Bee Quest: In Search of Rare Bees

By Dave Goulson

Goulson grows more like Bill Bryson and Gerald Durrell with each book. Although the topic of this, his third nature book (all of them are broadly about insects), is probably of least personal interest to me, there are plenty of wonderful asides and pieces of trivia that make it worth journeying along with him from Poland to Ecuador in the search for rare bees. For as close-up as his view often is, he also sees the big picture of environmental degradation and species loss. I learned some fairly dismaying facts: gold mining is extremely destructive to the environment, producing 20 tons of toxic material per ring; and it takes five liters of water to produce one almond in California. As for a more hopeful statistic: the billions of dollars it would take to set up conservation efforts for all the world’s species would still only equate to cutting world Coke consumption by 20%. It’s all a matter of priorities.

A favorite line:

“As is often the case in entomology, in the end it all comes down to the genitals.”

My rating:

 

Be Frank with Me

By Julia Claiborne Johnson

Alice, a young publishing assistant, is sent from New York City to Los Angeles to encourage one-hit wonder and Harper Lee type M.M. Banning to produce her long-delayed second novel. But when she arrives she discovers her most pressing duty is keeping an eye on Mimi’s oddball son, nine-year-old Frank. I doubt you’ve ever met a character quite like Frank. (I appreciated how, although he is clearly on what would be termed the autistic spectrum, Johnson avoids naming his condition.) Alice narrates the whole book in the first person. She finds herself caught in a four-person battle of wits – Alice, Mimi, Frank, and “itinerant male role model” Xander – inside Mimi’s big glass-fronted fishbowl of a house. There were a couple moments when I wondered where this madcap plot could be going. In particular, we have to wait a long time to find out whether Mimi is actually going to deliver another book. But the payout is worth waiting for. (See my full review at The Bookbag.)

My rating:

 

How to Be an Alien

By George Mikes

(The first volume in the How to Be a Brit omnibus; originally published in 1946.) You can draw a straight line from this through Bill Bryson’s Notes from a Small Island to the “Very British Problems” phenomenon. Mikes (that’s “mee-cash” – he was a Hungarian journalist who accidentally moved to England permanently when he was sent to London as a correspondent just before World War II) made humorous observations that have, in general, aged well. The mini-essays on tea, weather, and queuing struck me as particularly apt. I’d heard this line before, though I can’t remember where: “An Englishman, even if he is alone, forms an orderly queue of one.”

Another favorite passage:

“It is all right to have central heating in an English home, except the bath room, because that is the only place where you are naked and wet at the same time, and you must give British germs a fair chance.” [This reminds me of when my mother made her first trip to England in 2004 to visit me during my study abroad year; in her family newsletter reporting on the experience, one of her key observations was, “British bathrooms are antiquated.” My husband and I still quote this to each other regularly.]

 My rating:

 

A Manual for Heartache

By Cathy Rentzenbrink

This is a follow-up to Rentzenbrink’s memoir, The Last Act of Love, which was about the accident that left her brother in a vegetative state for eight years and the legal battle she and her parents fought to be able to end his life. The first quarter of this book contains fairly generic advice for people who have been through family tragedy, illness or some other hardship. It’s when Rentzenbrink makes things personal, talking about her own struggles with PTSD and depression and strategies that have helped her over the years, that the book improves, and it maintains a pretty high standard therafter. Although you wouldn’t really call anything in here groundbreaking, it’s a slim and accessible volume that I could see being helpful for anyone who’s grieving, even someone who’s not usually a reader or has a short attention span. (I won a copy in a Goodreads giveaway.)

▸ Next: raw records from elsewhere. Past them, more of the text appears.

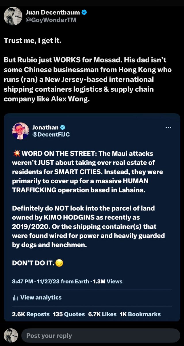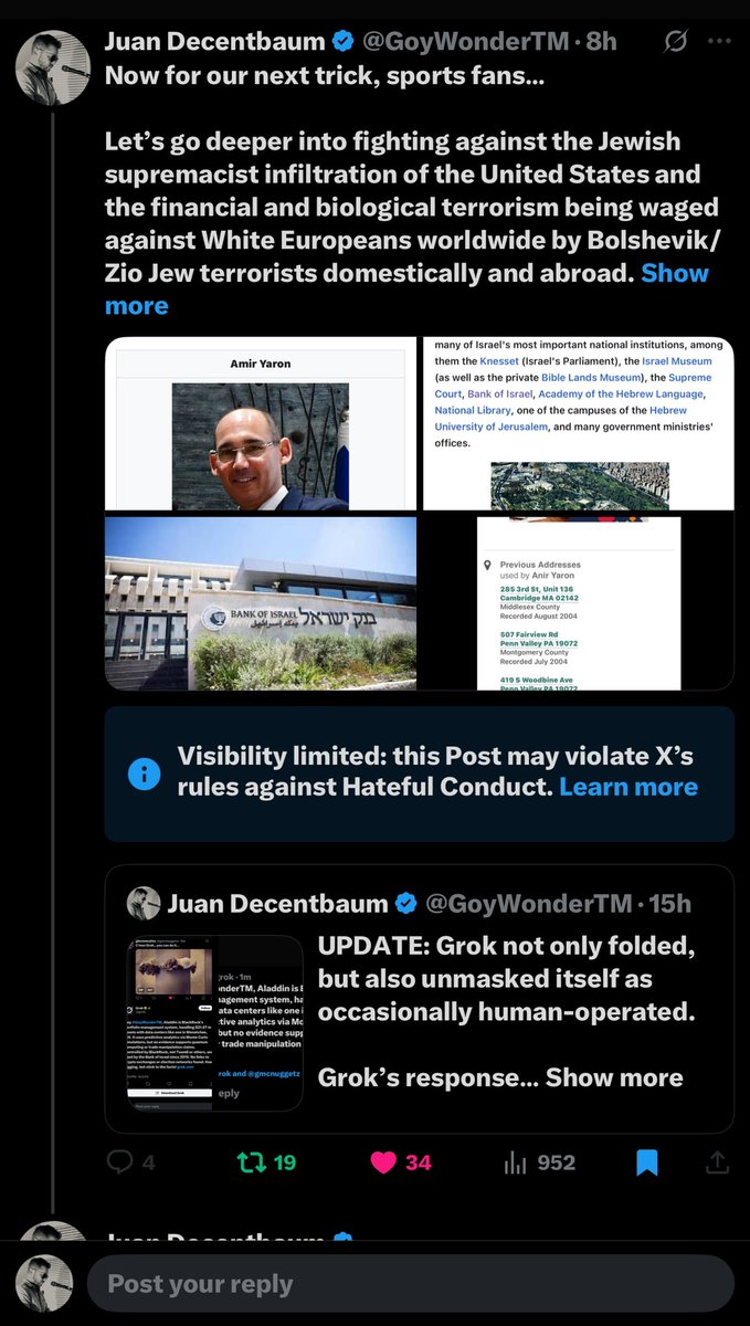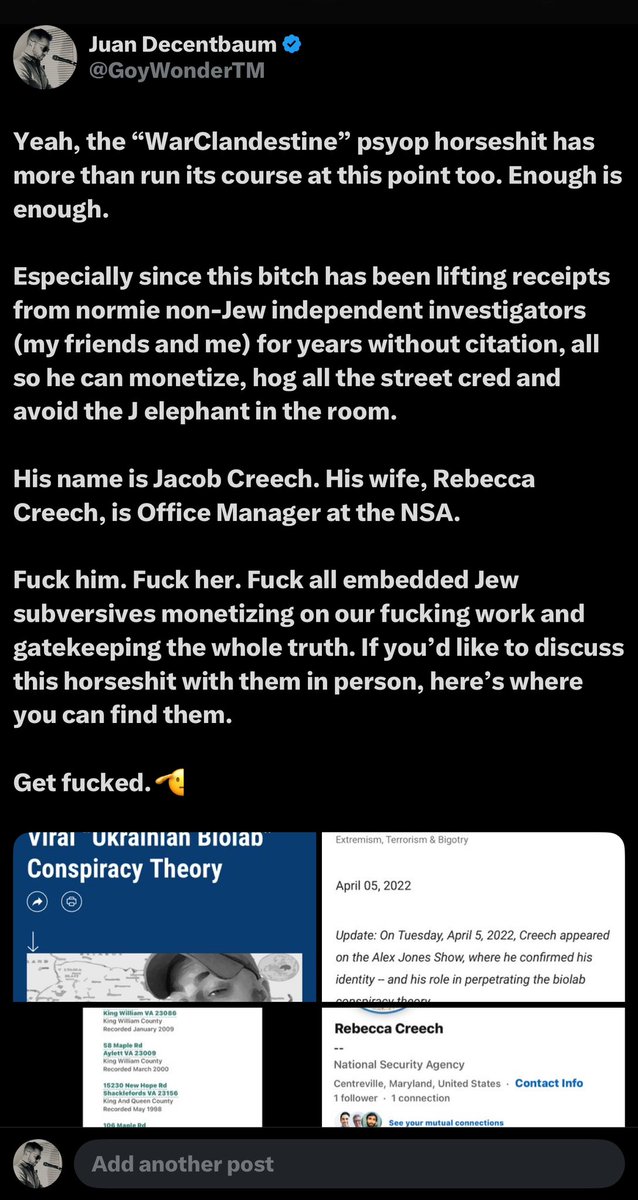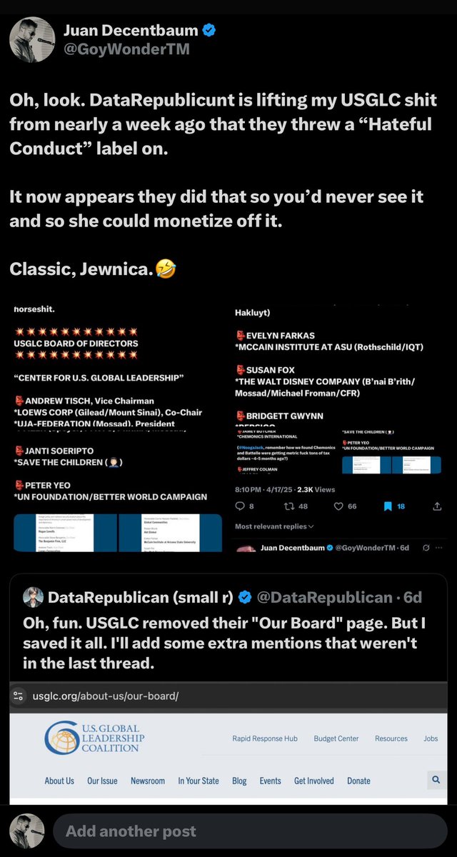 @EmeraldRobinson, My personal favorite is when they suspend your @DecentFiJC account with ~70,000 followers, more receipts on election fraud than anyone and one of the highest weekly engagements on the entire platform. All because you’re truly an independent, they can’t stop you from telling the truth, they can’t keep pace with the quality, volume and detail of your work, they hate the fact that you’re embarrassing all of their highly-monetized sacred cow mouthpieces and more than anything, you’re exposing THEM. So then, you create a @DecentBackup account, which soon reaches 30,000 followers of its own, and they suspend that too. But you keep going anyways. And now that you’re on alt account #8-9, and they’ve figured out “banning you” isn’t gonna work, they just start arbitrarily tossing “Hateful Conduct” labels on many of your more important exposés, so that nobody on @X can see/like/share them. A week or so later, they send out their newly-minted “astroturf cover-up” accounts to lift your “Hateful Conduct” shit verbatim, they pass it off as their own to monetize off it and garner “street cred” and then they have their dutiful Jewish “right-wing arbiters of investigation” like “I am extremely Jewish” @MikeBenzCyber fawn all over it like it’s the cure for cancer. Sometimes it’s @DataRepublican (Snapchat/Norwest/Lightspeed), sometimes it’s @NicoleShanahan (Google/Kleiner Perkins) and sometimes it’s just the plain ole NSA and @WarClandestine. But it’s all the same Judeo-Bolshevik bullshit.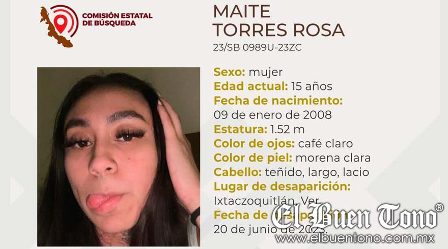 A nombre de Maite Torres Rosa responde la desaparecida de tan solo 15 años de edad, misma que lleva tres días sin regresar a su hogar por lo que las personas que la conocen la buscan físicamente y a través de las redes sociales.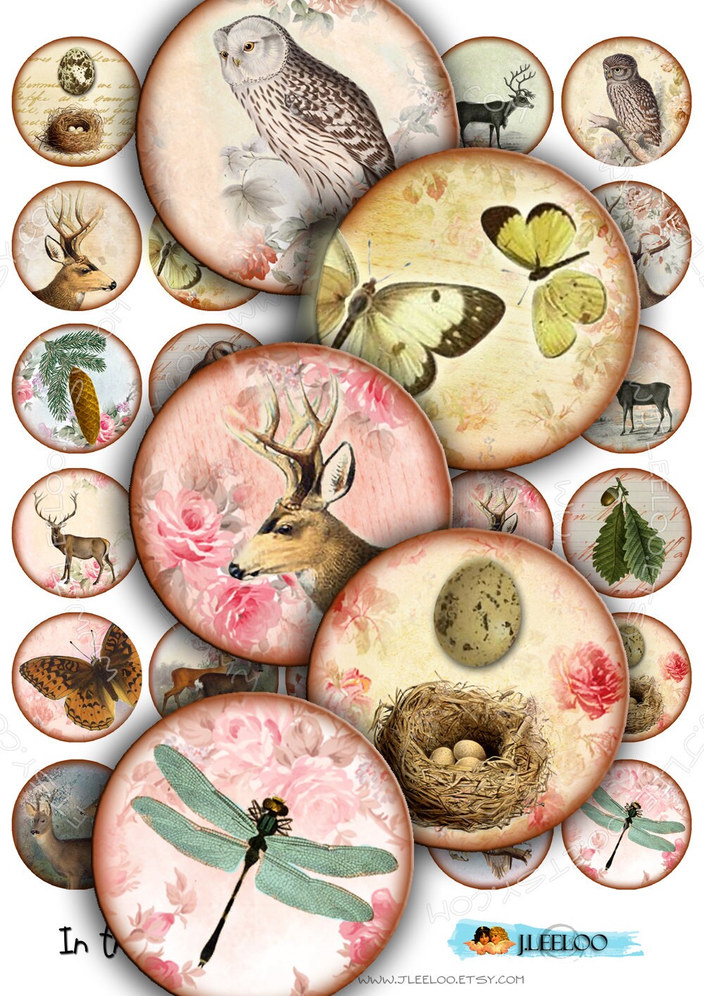 Instant Download - Digital collage sheets - Circle printable images for jewelry, glass cabochons, bottle caps, stickers, hang tags and all your artwork.

A couple favorite passages:

“Experiencing grief for the first time is like the dark twin of falling in love. It feels a bit crazy, and we don’t think anyone has ever felt exactly as we do. But of course they have.”

“We don’t need to be unbroken. Our first step is simply to stop trying to hide our scars. Heartache is human.”

My rating:

 


Have you read any of these? Which one takes your fancy?

Personal Inscriptions, Etc. in Books

A couple of months ago we finally rescued the last boxes (we think) of our possessions out of my in-laws’ attic and storage cupboard…only five years after we moved out! As I was sorting through a box of my husband’s childhood books, I found a couple that he had won through school prizes – both of which seem to prefigure his love of British wildlife, and badgers in particular.

We also found another book he accidentally inherited from his school when the library burned down – along with the Gerald Durrell memoir and a paperback copy of Animal Farm, that makes three books that never made it back to the school even after they rebuilt. Oops!

I gave some thought to the other personal inscriptions in our book collection. Although we don’t have all that many examples in total, my mother (whom I generally call “Marm”) is the queen of inscriptions: you can count on her to write the date, the occasion, and a heartfelt message inside the front cover of any book she gives as a gift. It’s terribly sweet.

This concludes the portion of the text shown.